Я смотрел на своего друга и удивлялся материальности мыслей.

– Аркаша… ты его Ане отправил.

Сказать, что мой друг покрылся инеем – это не сказать ничего. В тот момент, когда я озвучил ему приговор, он сладостно выдыхал табачный дым. После моих слов дым еще минуты две шел из его открытого рта, как пар из кипящего чайника. Я медленно вынул сигарету из его окостеневших рук.

Еще через минуту он холодным голосом сказал:

– Я только что ее убил.

– А Кира – мужское имя, может, как-то это обыграть? – Я неуклюже пытался найти решение.

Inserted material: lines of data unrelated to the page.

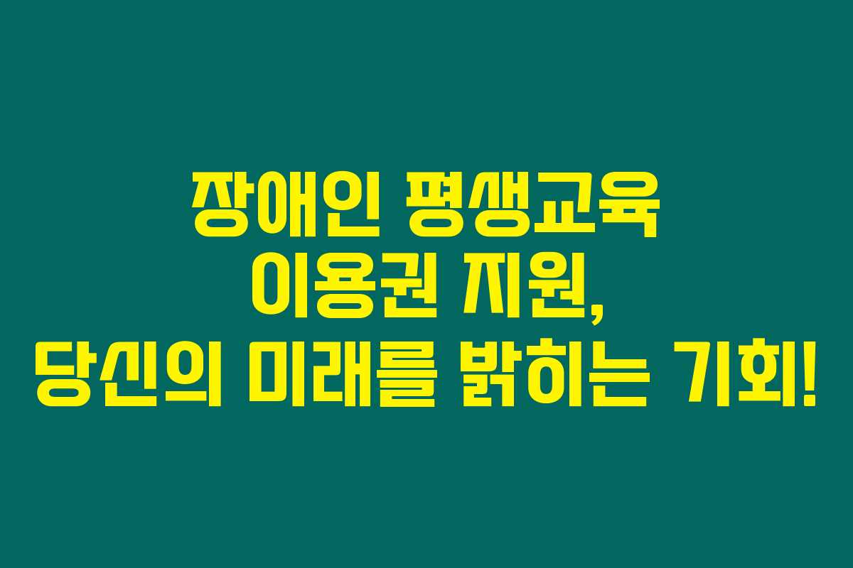 장애인 평생교육 이용권은 장애인들에게 희망의 빛을 비추어 줄 중요한 기제입니다. 이러한 제도를 통해 더 많은 장애인들이 교육에 참여하고, 자신의 꿈을 실현할 수 있는 기회를 가지길 바랍니다. 추가적인 정보나 도움이 필요하신 경우, 관련 기관에 문의하시길 추천드립니다.
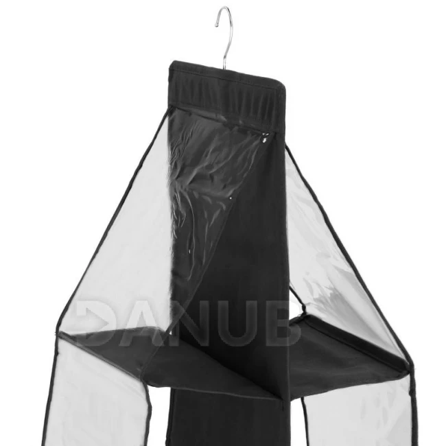 A Springos akasztós rendszerező remek választás a szekrénybelső átgondolt kialakításához. A termék egy kihúzható könyvespolc formájában készült, 6 polccal. A textilanyag, amelyből a szervező készült, kampóval felakasztható. Ez a funkció megkönnyíti a szervező más helyekre történő áthelyezését. A termék hosszúkás alakú. A szürke szín egy univerzális alap, amely nem feltűnő, ugyanakkor tökéletesen betölti szerepét. A terméknek köszönhetően rendet tartunk a szekrényben, és a hely felét megtakarítjuk
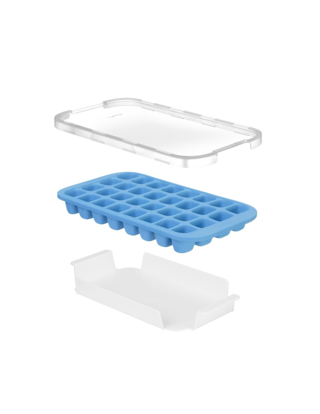 Tillverkad av silikon. Lock av polypropen. Bottenbricka av ABS. För att göra 32 små isbitar (≤ 3,2 x 3,2 x 3,4 cm).

Казалось, он не услышал моих слов:

– Дело же не в том, что я скотина и она меня бросит. Аня не то чтобы очень красивая, и знает об этом. А фотографию Киры она видела. Нельзя бить в самое больное место. Нельзя.

Аркаша был прав. И действительно, уж если уходить в левый ряд, то не с тем, кто круче твоего партнера по его ключевому комплексу неполноценности. Но в тот момент я вспомнил бабушкины слова: «Интеллигент совершает те же низости, что и обычный человек, но при этом очень переживает». Кстати, с этой точки зрения, я – истинный интеллигент.

– Позвони ей, мне кажется, найдутся слова.

– Она не ответит, – Аркаша ушел в другую комнату, но скоро вернулся. – Бесполезно.

– Давай так: ты ей напиши, что это я случайно отправил с твоего телефона, у нас же одинаковые «Ноки». Ну а я скажу, что они у тебя в телефонной книге записаны рядом.

– Очень логично, что Аня и Кира идут друг за другом. Хотя Кира же Азарова, может, и правда, прокатит?

Эсэмэска с объяснениями улетела. Ответа не последовало.

Аркаша взял телефон и стал методично что-то набирать.

– Я сознался во всем своем мелком вранье, сказал, что между мной и Кирой ничего не было, что это было просто наваждение какое-то и попросил меня простить…

Звонок. Тонущий в болоте не так хватается за камыш, как Аркаша рванул к трубке… Но брать ее не стал.

– Это Кира. Сань, ответь, что я умер, или что меня инопланетяне забрали, или что ко мне жена приехала.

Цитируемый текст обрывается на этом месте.